Wejangan Guru dan Isyarat Khusus, Awal Berdirinya Pesantren Madani

KBRN, Bengkalis :  Setelah menyelesaikan pendidikan Agama di pulau Jawa, Ustadz Suyendri kembali ke Bengkalis untuk memulai pengabdiannya, mensyiarkan agama Islam.

Kepada RRI, Kamis (16/6), diceritakannya, gebrakan pertama yang dilakukan dengan membentuk komunitas Gerakan Seribu Generasi Qurani di tahun 2012, kemudian berkembang dengan pelaksanaan majelis Quran.

“2012 pulang saya bikin komunitas kecil namanya gerakan Seribu Generasi Qurani waktu itu yang diresmikan oleh pak Haji Arianto dan 2012 itu saya juga membuka majelis-majelis Quran pertama di rumah saya, di tahun 2012 sampai 2015 itu ya mungkin lebih kurang 100 orang lah yang belajar pulang pergi dari rumah masing-masing”,rincinya.

Seiring dengan perjalanan waktu, dari pengajian di rumahnya bergerak membentuk majelis taklim di 15 lokasi, kegiatan rutin tersebut berlangsung hingga tahun 2015, di awal tahun 2016 kembali ke niat awal, mendirikan pesantren yang representatif untuk membina generasi muda di daerah ini.
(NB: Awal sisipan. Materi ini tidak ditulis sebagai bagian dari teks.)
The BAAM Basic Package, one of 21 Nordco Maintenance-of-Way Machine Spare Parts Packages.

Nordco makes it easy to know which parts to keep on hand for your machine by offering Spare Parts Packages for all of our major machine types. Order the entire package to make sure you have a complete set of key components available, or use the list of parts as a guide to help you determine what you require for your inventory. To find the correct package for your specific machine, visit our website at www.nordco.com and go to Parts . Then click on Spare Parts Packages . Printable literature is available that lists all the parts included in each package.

Diakui Suyendri, isyarat untuk mendirikan pesantren didapatkannya setelah melakukan ziaran di sejumlah maqam ulama Bengkalis, isyarat untuk mewujudkan niat awalnya, mendirikan pesantren.
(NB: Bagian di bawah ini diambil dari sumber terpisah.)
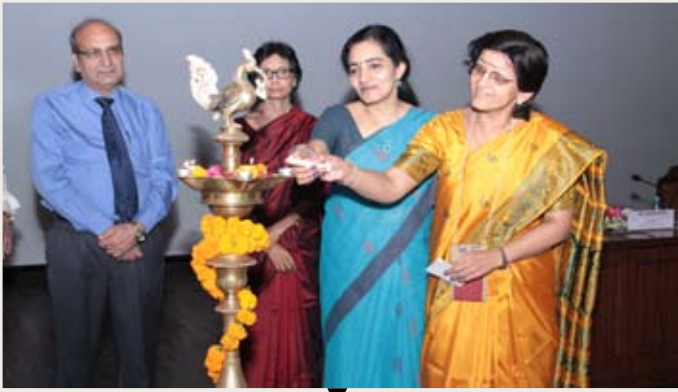
Inauguration ceremony of DAPCON 2017, Pathology

“Kata Buya Amrizal ada, namanya Tuan Guru Haji Ahmad, memang orang alim di Pangkalan Batang, ahirnyaa kita ziarah terus, ga ada mikir mikir pesantren sebenarnya, mikir ziarah aja, ajak keluarga, ajak anak, ajak teman-teman akhirya dapatlah isyarat pada waktu itu untuk membuat pesantren, tepatnya tahun 2016, karena memang tujuan kami balik ke Bengkalis itu untuk memang tidak lain tidak bukan niatnya memang untuk membuat pesantren”,terangnya.

Pesantren Madani, didirikan dengan modal awal 10.000 batu bata, sumbangan awal dari keluarga, kemudian berdatangan bantuan dari dermawan untuk pembangunan awal. Mulai membangun di tahun 2016 dan sempat terhenti pembangunannya hingga setahun karena ketiadaan biaya.
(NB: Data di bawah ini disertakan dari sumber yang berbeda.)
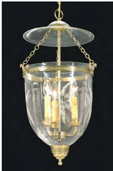
"Laurel Swags" copper wheel cut hall lantern w/ brass, polished & lacquered finish

“Itu menyumbang 10.000 batu bata untuk yang pertama sekali itu harus dengan uang pribadi. Jadi dibangunlah setelah itu satu persatu dermawan itu datang menengok dari dekat, mengantarkan barang dan seterusnya dan pondasi ini mengerjakannya lama sampai tiang aja itu kalo tak salah saya istirahat sampai setahun saampai tiang tidak dilanjutkan karena tidak ada uang. Baru 2017 dilanjutkan lagi keatas, semuanya swadaya masyarakat”,ungkapnya.

Kini, telah berdiri dengan kokoh sejumlah bangunan untuk sarana belajar dan sejak tahun 2020, pesantren Madani telah menerima santri. Pembangunan sejumlah prasarana lainnya masih digesa guna memenuhi kebutuhan fasilitas yang standar untuk pesantren.

“Gedung dua tingkat ini nanti kita akan bikin tulisan namanya gedung Dermawan, sebagai rasa terima kasih kami mengabadikan kedermawanan orang-orang yang datang kesini. Untuk santri yang pertama 20an setingkat Tsanawiyahnya Madrasah Salafiah namanya, dan yang takhasusnya juga. tahun ini sepertinya lebih ramai berkisar 40 orang sesuai dengan kemampuan penampungan kamar”,jelasnya.

Dijelaskan Suyendri, santri yang belajar di Pesatren Madani, antara lain paling dekat berasal dari Sungai Alam dan terjauh dari dari Batam.